--- WORK TO COMPLETE ---
Give all of the data below again exactly, and drop the images.

--- INFORMATION SHOWN ---
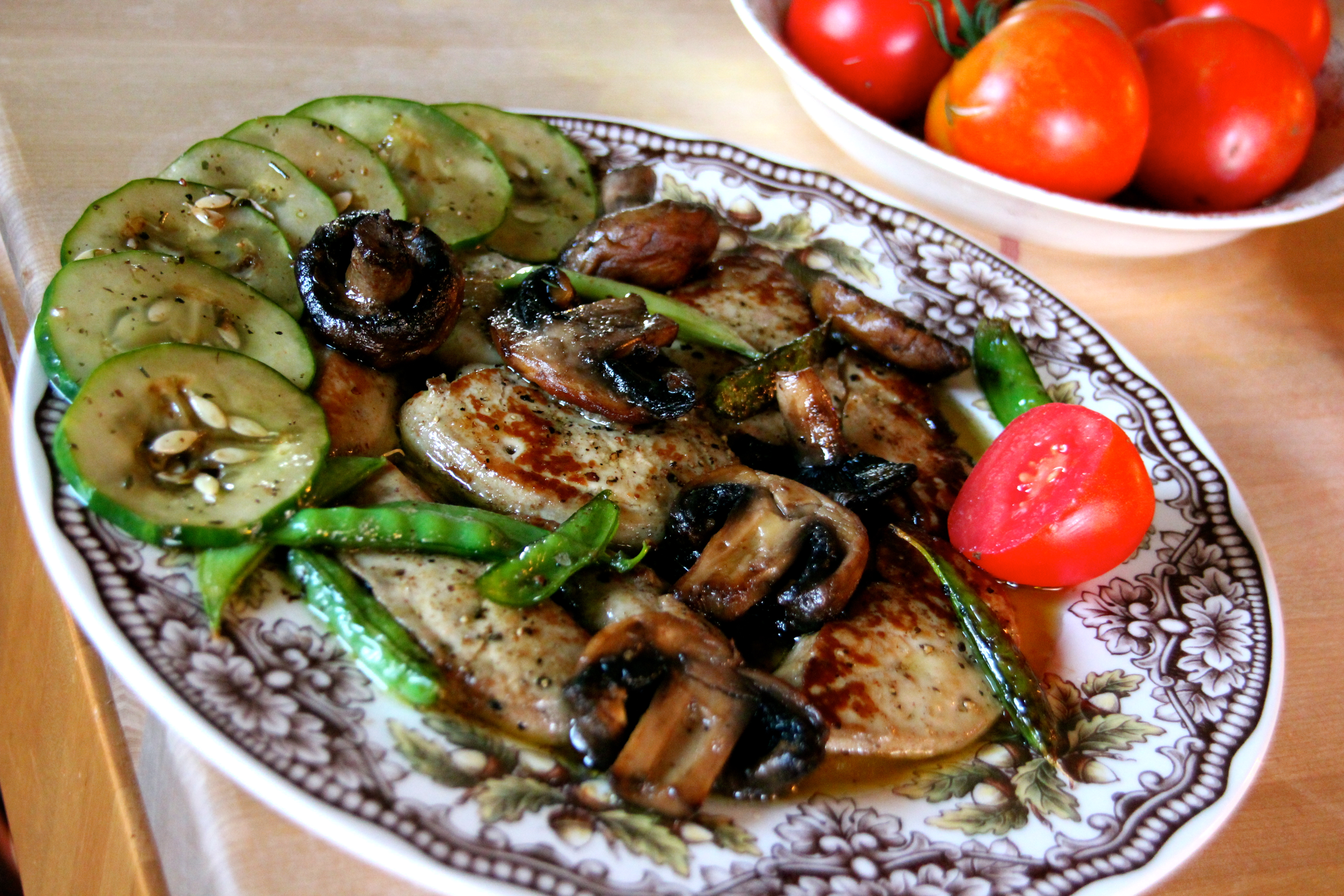 4. Several large mushrooms, quartered and 1/2 cup snap peas
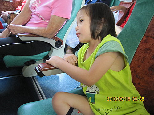一早導遊阿嬌點起歌娛樂大家,她唱黃妃的歌外加熱舞,把一群老人家逗的哈哈笑,連阿謙都好認真的看著她的表演呢~
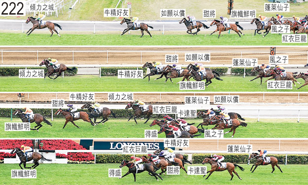 「牛精好友」出閘笨拙。 「得盛」與「喜競寶寶」自外檔出閘後不久均在馬群後面切入。 過了千二米處後,由於「紅衣巨龍」嘗試向內移入,因而與「風之子」緊迫競跑。其後趨近千一米處時,「紅衣巨龍」與「風之子」互相觸碰後失去平衡。 「紅衣巨龍」沿途在外疊競跑,沒有遮擋。 被查詢時,梁家俊表示,由於「傾力之城」跑此途程慣常領放,因此他獲指示讓「傾力之城」帶頭。他說,賽前預期「牛精好友」亦會在早段居前列競跑,而他應利用排第一檔的優勢,盡可能在該駒內側保持領先。他按照指示於入閘前在閘後讓「傾力之城」充分熱身。開閘時,「傾力之城」失蹄,出閘僅屬一般。他繼而須在早段一路催策「傾力之城」以彌補出閘緩慢的不足。他又說,「傾力之城」跑了數步後才能取得平衡並展現前速,直至跑過千二米處時他才能取得領先。取得領先後,他嘗試減慢「傾力之城」的步速,但近期均跑1200米賽事的坐騎立即難以穩定走勢,儘管他嘗試讓坐騎放鬆來跑,但坐騎未能做到。過了一千米處後「傾力之城」開始特別難以穩定走勢,他未能阻止坐騎拉開與餘駒的距離。小組告誡梁家俊,儘管小組接納他在早段須消耗坐騎不少氣力以按照指示取得領先,但他必須盡可能確保適當地分配段速,讓坐騎在末段能夠有十足機會以勁勢衝刺。 被查詢時,蔡明紹(「蓬萊仙子」)表示,他獲指示盡可能將坐騎置於領放馬匹後面的第三或第四位。然而,「蓬萊仙子」一如上仗般未能出閘迅速,因此他選擇將坐騎在馬群後面切入以取得有遮擋的位置,而非一路催策坐騎。考慮到「蓬萊仙子」是日出閘的情況,他覺得將須消耗坐騎很多氣力才能按照指示佔取前列位置。「蓬萊仙子」的練馬師告東尼證實,他打算是日讓該駒居於領放馬後面。他說,賽前預期「傾力之城」會領放,而「牛精好友」會居於其外側,並期望「蓬萊仙子」可以跟隨該兩駒競跑。他又說,「蓬萊仙子」未能出閘迅速,似乎未有早前部分賽事般的前速。他說,他一向打算讓該駒在陣上盡可能居前列競跑。 「旗幟鮮明」及「得盛」均須抽取樣本檢驗。
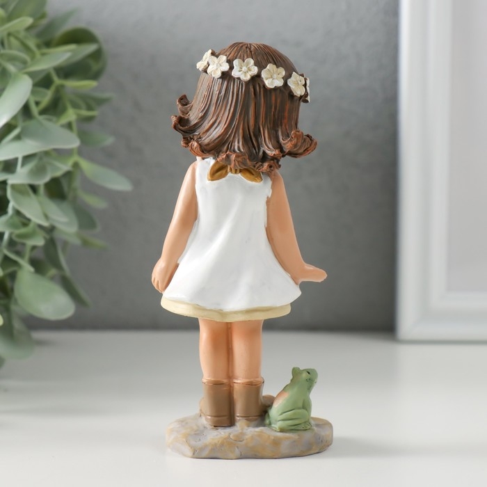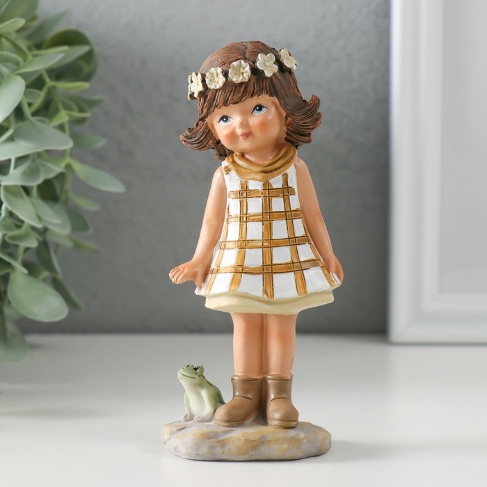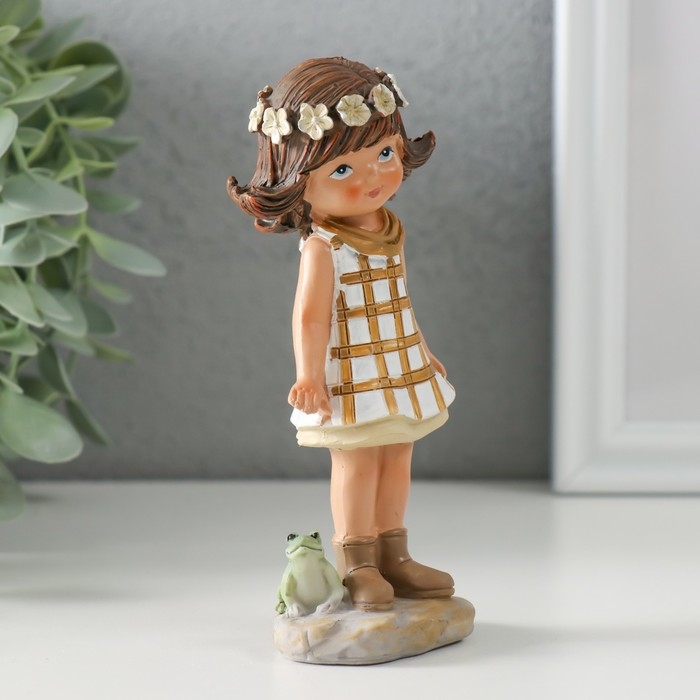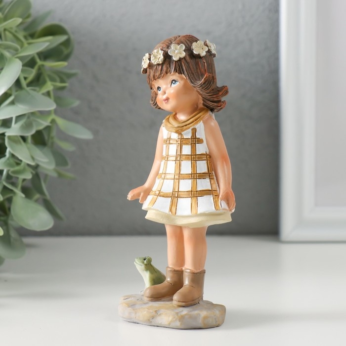 Сувенир полистоун "Малышка в белом платье в клетку, с лягушкой" 5,5х3,5х12 см

--- WRITTEN REPLY ---
 4. Several large mushrooms, quartered and 1/2 cup snap peas
一早導遊阿嬌點起歌娛樂大家,她唱黃妃的歌外加熱舞,把一群老人家逗的哈哈笑,連阿謙都好認真的看著她的表演呢~
 「牛精好友」出閘笨拙。 「得盛」與「喜競寶寶」自外檔出閘後不久均在馬群後面切入。 過了千二米處後,由於「紅衣巨龍」嘗試向內移入,因而與「風之子」緊迫競跑。其後趨近千一米處時,「紅衣巨龍」與「風之子」互相觸碰後失去平衡。 「紅衣巨龍」沿途在外疊競跑,沒有遮擋。 被查詢時,梁家俊表示,由於「傾力之城」跑此途程慣常領放,因此他獲指示讓「傾力之城」帶頭。他說,賽前預期「牛精好友」亦會在早段居前列競跑,而他應利用排第一檔的優勢,盡可能在該駒內側保持領先。他按照指示於入閘前在閘後讓「傾力之城」充分熱身。開閘時,「傾力之城」失蹄,出閘僅屬一般。他繼而須在早段一路催策「傾力之城」以彌補出閘緩慢的不足。他又說,「傾力之城」跑了數步後才能取得平衡並展現前速,直至跑過千二米處時他才能取得領先。取得領先後,他嘗試減慢「傾力之城」的步速,但近期均跑1200米賽事的坐騎立即難以穩定走勢,儘管他嘗試讓坐騎放鬆來跑,但坐騎未能做到。過了一千米處後「傾力之城」開始特別難以穩定走勢,他未能阻止坐騎拉開與餘駒的距離。小組告誡梁家俊,儘管小組接納他在早段須消耗坐騎不少氣力以按照指示取得領先,但他必須盡可能確保適當地分配段速,讓坐騎在末段能夠有十足機會以勁勢衝刺。 被查詢時,蔡明紹(「蓬萊仙子」)表示,他獲指示盡可能將坐騎置於領放馬匹後面的第三或第四位。然而,「蓬萊仙子」一如上仗般未能出閘迅速,因此他選擇將坐騎在馬群後面切入以取得有遮擋的位置,而非一路催策坐騎。考慮到「蓬萊仙子」是日出閘的情況,他覺得將須消耗坐騎很多氣力才能按照指示佔取前列位置。「蓬萊仙子」的練馬師告東尼證實,他打算是日讓該駒居於領放馬後面。他說,賽前預期「傾力之城」會領放,而「牛精好友」會居於其外側,並期望「蓬萊仙子」可以跟隨該兩駒競跑。他又說,「蓬萊仙子」未能出閘迅速,似乎未有早前部分賽事般的前速。他說,他一向打算讓該駒在陣上盡可能居前列競跑。 「旗幟鮮明」及「得盛」均須抽取樣本檢驗。
 Сувенир полистоун "Малышка в белом платье в клетку, с лягушкой" 5,5х3,5х12 см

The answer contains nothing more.